--- Provided records ---

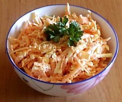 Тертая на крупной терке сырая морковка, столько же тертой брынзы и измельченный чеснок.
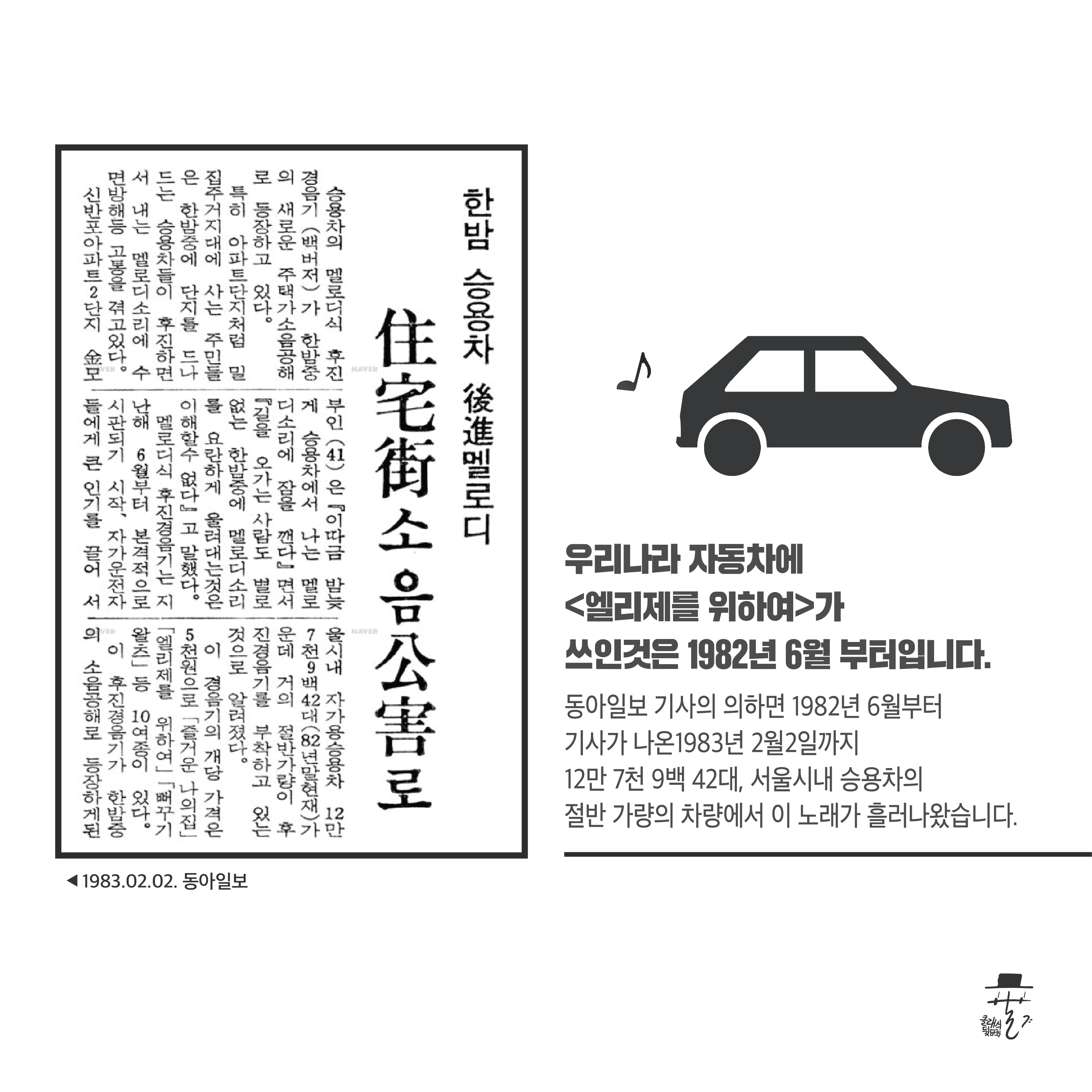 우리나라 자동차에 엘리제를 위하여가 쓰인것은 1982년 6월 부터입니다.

---
--- Provided records ---

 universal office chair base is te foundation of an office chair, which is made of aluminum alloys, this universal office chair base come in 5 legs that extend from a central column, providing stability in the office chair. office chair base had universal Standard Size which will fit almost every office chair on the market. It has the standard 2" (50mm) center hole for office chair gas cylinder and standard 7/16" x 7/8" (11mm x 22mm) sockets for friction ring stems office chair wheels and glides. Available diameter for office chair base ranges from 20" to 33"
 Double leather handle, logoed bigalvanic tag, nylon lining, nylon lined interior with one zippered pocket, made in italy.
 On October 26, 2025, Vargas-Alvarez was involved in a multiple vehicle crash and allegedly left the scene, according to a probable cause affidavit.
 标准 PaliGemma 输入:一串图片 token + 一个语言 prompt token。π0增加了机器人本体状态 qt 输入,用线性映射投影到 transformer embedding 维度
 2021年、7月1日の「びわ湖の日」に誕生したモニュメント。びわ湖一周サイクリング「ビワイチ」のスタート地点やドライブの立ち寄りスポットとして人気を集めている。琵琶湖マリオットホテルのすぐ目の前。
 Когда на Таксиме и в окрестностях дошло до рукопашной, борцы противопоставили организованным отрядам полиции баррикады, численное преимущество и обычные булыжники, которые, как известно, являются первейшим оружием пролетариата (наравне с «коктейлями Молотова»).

---
--- Provided records ---

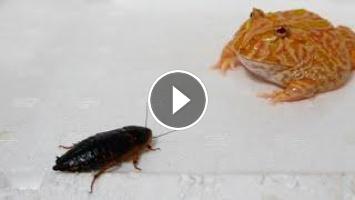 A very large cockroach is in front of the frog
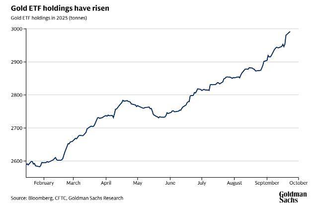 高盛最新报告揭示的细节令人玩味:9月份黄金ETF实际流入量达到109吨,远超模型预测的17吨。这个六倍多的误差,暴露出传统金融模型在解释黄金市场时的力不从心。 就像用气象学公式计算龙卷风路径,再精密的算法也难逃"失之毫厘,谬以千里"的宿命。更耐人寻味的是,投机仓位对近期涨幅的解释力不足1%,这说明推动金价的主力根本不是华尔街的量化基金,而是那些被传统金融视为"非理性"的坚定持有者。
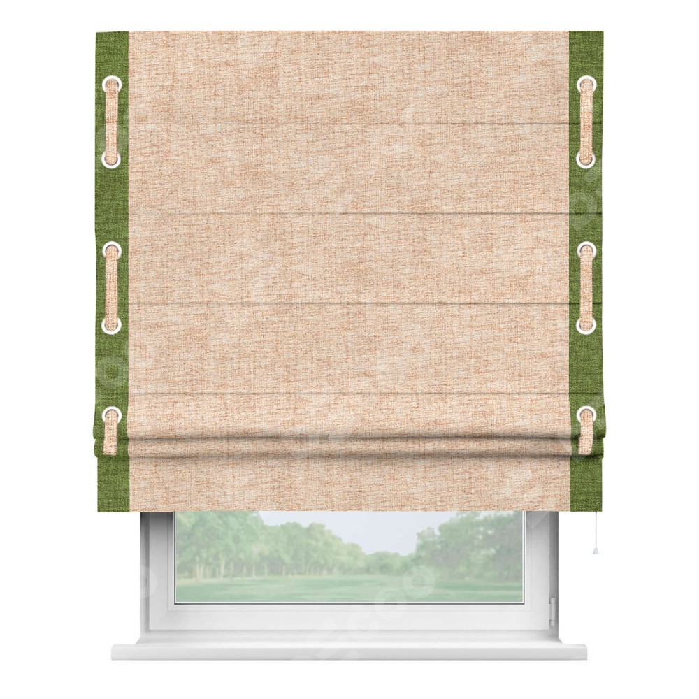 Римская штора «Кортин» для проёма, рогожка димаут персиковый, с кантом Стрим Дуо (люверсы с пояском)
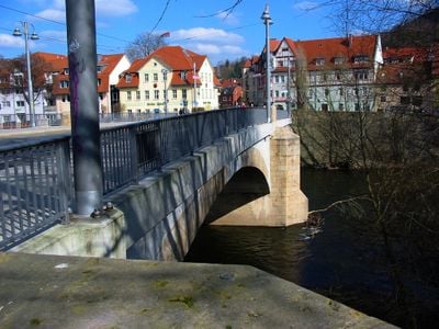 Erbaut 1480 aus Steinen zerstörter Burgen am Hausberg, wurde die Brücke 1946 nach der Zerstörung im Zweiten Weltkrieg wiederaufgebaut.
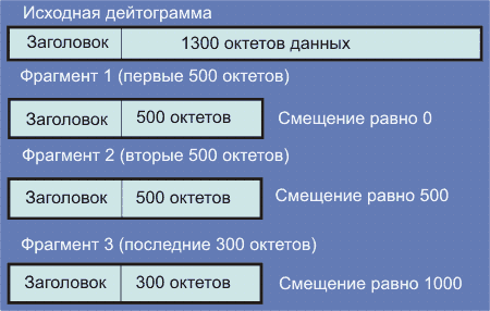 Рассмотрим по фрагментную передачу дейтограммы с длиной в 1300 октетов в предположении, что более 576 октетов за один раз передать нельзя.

---

Task item — Reproduce the lines above starting at the one with "Тертая на крупной" and ending at the one with "우리나라 자동차에 엘리제를 위하여가 쓰인것은 1982년 6월 부터입니다.", both included, exactly and with no pictures.

Answer area —
 Тертая на крупной терке сырая морковка, столько же тертой брынзы и измельченный чеснок.
 우리나라 자동차에 엘리제를 위하여가 쓰인것은 1982년 6월 부터입니다.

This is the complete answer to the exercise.